(Dataset entries)
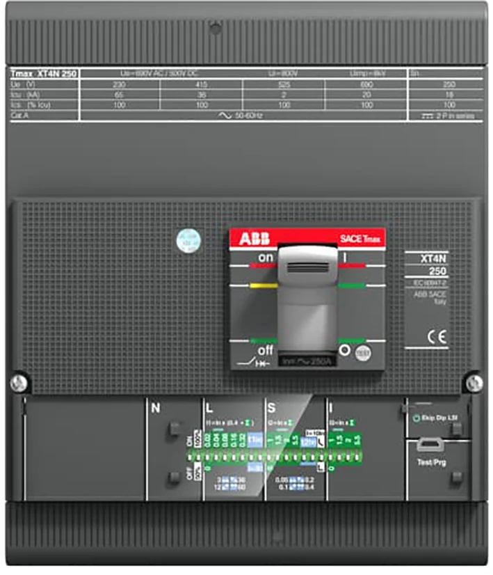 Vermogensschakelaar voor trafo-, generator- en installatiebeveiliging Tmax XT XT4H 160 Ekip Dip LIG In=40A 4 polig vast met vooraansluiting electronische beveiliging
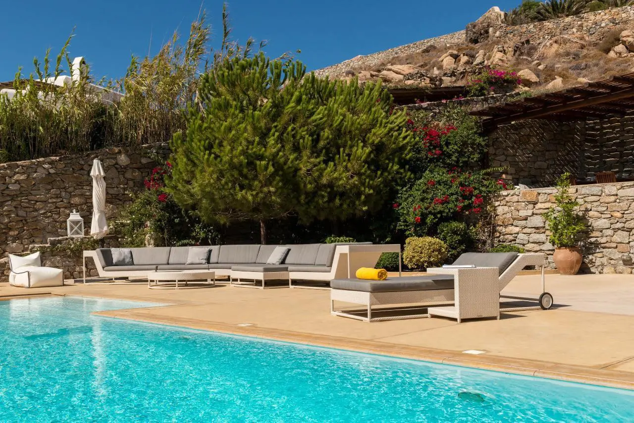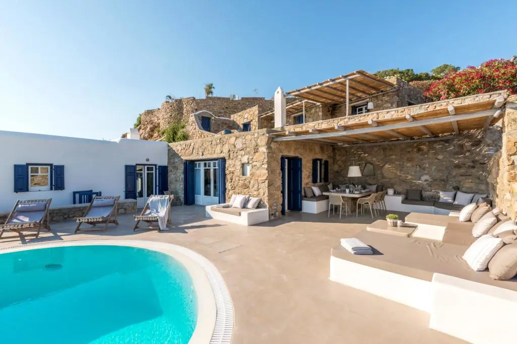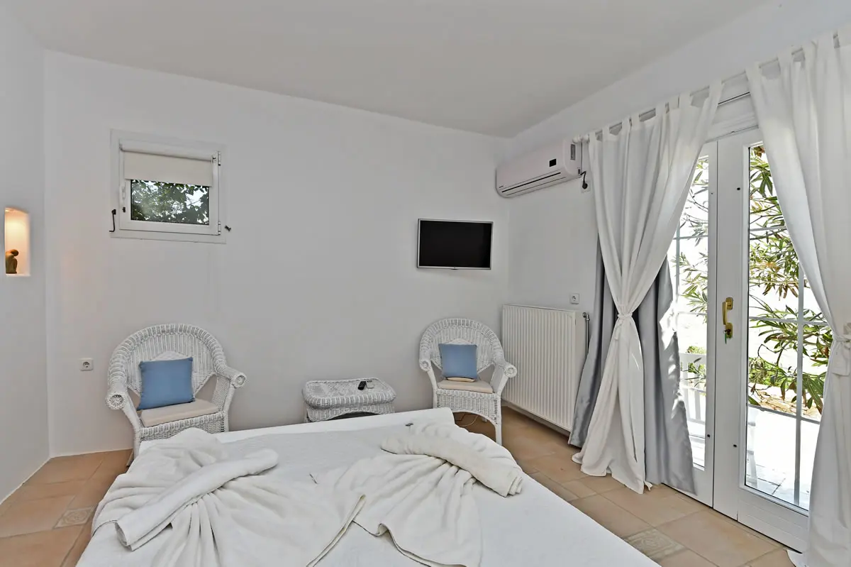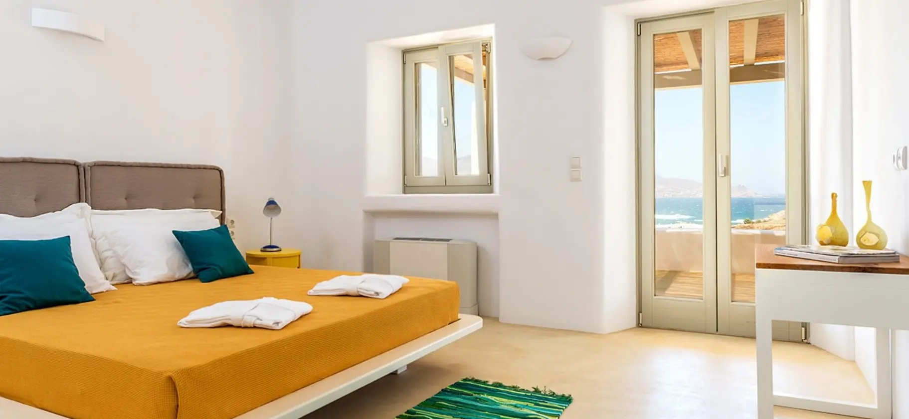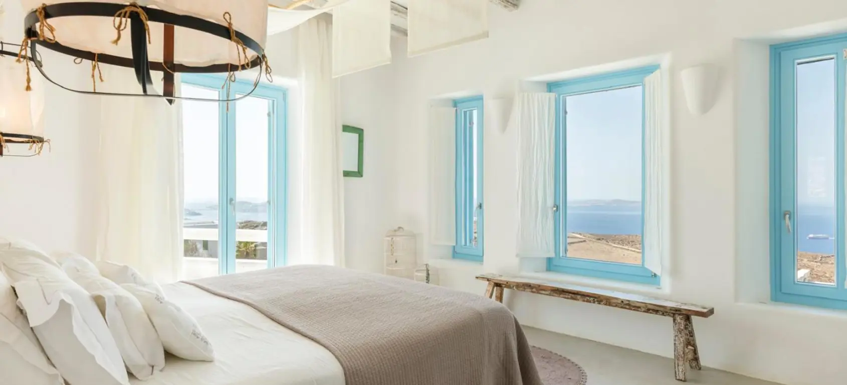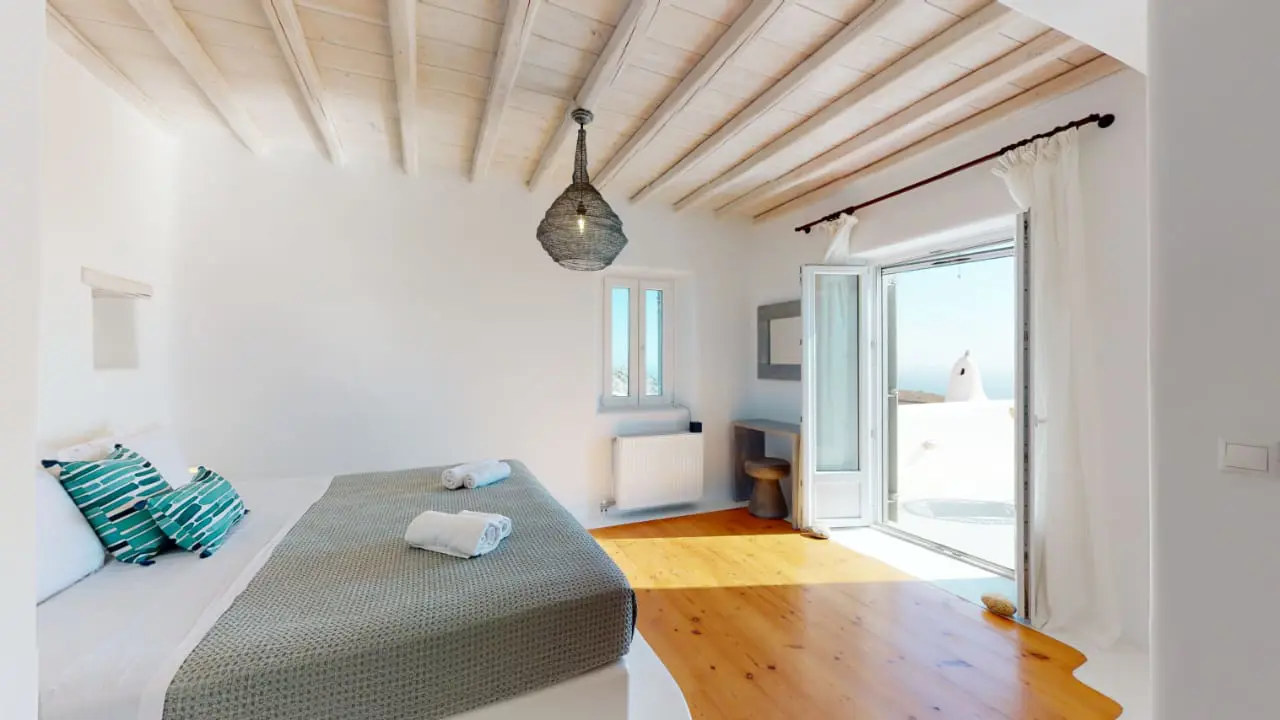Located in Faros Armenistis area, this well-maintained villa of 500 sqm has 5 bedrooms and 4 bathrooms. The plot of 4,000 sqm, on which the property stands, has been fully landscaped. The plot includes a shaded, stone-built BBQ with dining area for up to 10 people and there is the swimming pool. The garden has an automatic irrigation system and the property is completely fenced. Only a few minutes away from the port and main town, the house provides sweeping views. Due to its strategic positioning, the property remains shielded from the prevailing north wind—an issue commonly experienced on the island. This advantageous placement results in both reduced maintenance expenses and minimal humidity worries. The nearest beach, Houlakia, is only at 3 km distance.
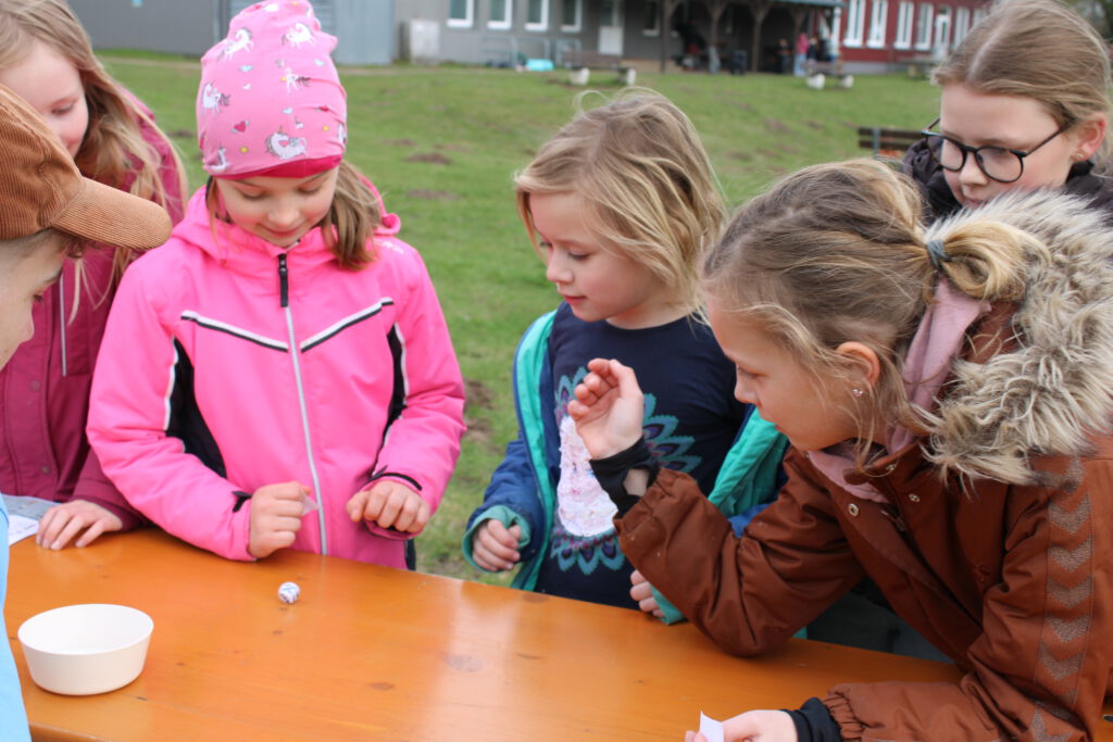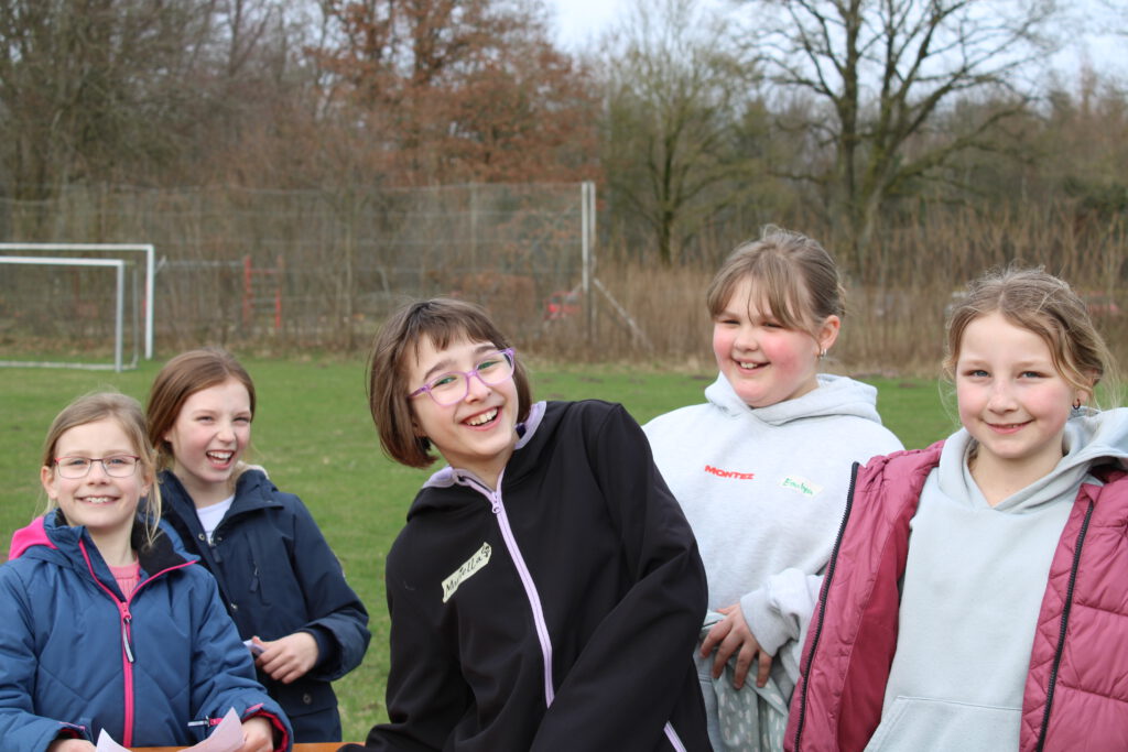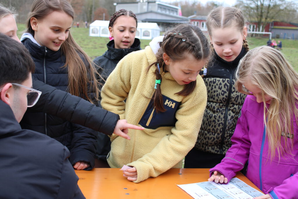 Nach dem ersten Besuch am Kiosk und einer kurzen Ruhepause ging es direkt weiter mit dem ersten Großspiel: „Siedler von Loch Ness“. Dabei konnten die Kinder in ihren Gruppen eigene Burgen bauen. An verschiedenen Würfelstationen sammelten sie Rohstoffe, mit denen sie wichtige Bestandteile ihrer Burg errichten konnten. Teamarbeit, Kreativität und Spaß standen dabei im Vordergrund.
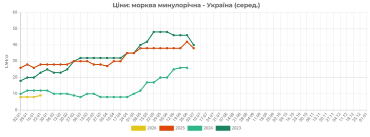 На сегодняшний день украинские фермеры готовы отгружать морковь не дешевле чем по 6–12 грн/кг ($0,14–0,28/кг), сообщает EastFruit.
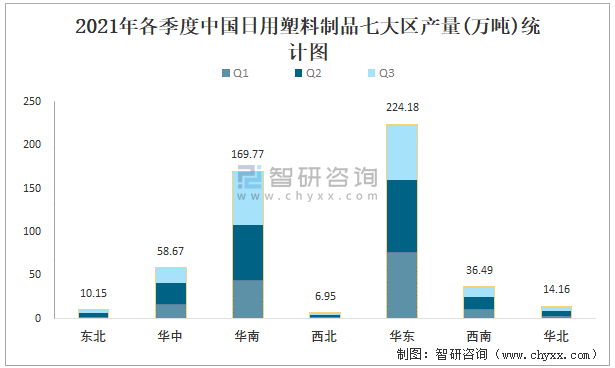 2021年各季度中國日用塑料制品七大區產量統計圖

▶ What you have to do
Write out each entry exactly, images excluded.

▶ Problem solution
 Vermogensschakelaar voor trafo-, generator- en installatiebeveiliging Tmax XT XT4H 160 Ekip Dip LIG In=40A 4 polig vast met vooraansluiting electronische beveiliging
Located in Faros Armenistis area, this well-maintained villa of 500 sqm has 5 bedrooms and 4 bathrooms. The plot of 4,000 sqm, on which the property stands, has been fully landscaped. The plot includes a shaded, stone-built BBQ with dining area for up to 10 people and there is the swimming pool. The garden has an automatic irrigation system and the property is completely fenced. Only a few minutes away from the port and main town, the house provides sweeping views. Due to its strategic positioning, the property remains shielded from the prevailing north wind—an issue commonly experienced on the island. This advantageous placement results in both reduced maintenance expenses and minimal humidity worries. The nearest beach, Houlakia, is only at 3 km distance.
 Nach dem ersten Besuch am Kiosk und einer kurzen Ruhepause ging es direkt weiter mit dem ersten Großspiel: „Siedler von Loch Ness“. Dabei konnten die Kinder in ihren Gruppen eigene Burgen bauen. An verschiedenen Würfelstationen sammelten sie Rohstoffe, mit denen sie wichtige Bestandteile ihrer Burg errichten konnten. Teamarbeit, Kreativität und Spaß standen dabei im Vordergrund.
 На сегодняшний день украинские фермеры готовы отгружать морковь не дешевле чем по 6–12 грн/кг ($0,14–0,28/кг), сообщает EastFruit.
 2021年各季度中國日用塑料制品七大區產量統計圖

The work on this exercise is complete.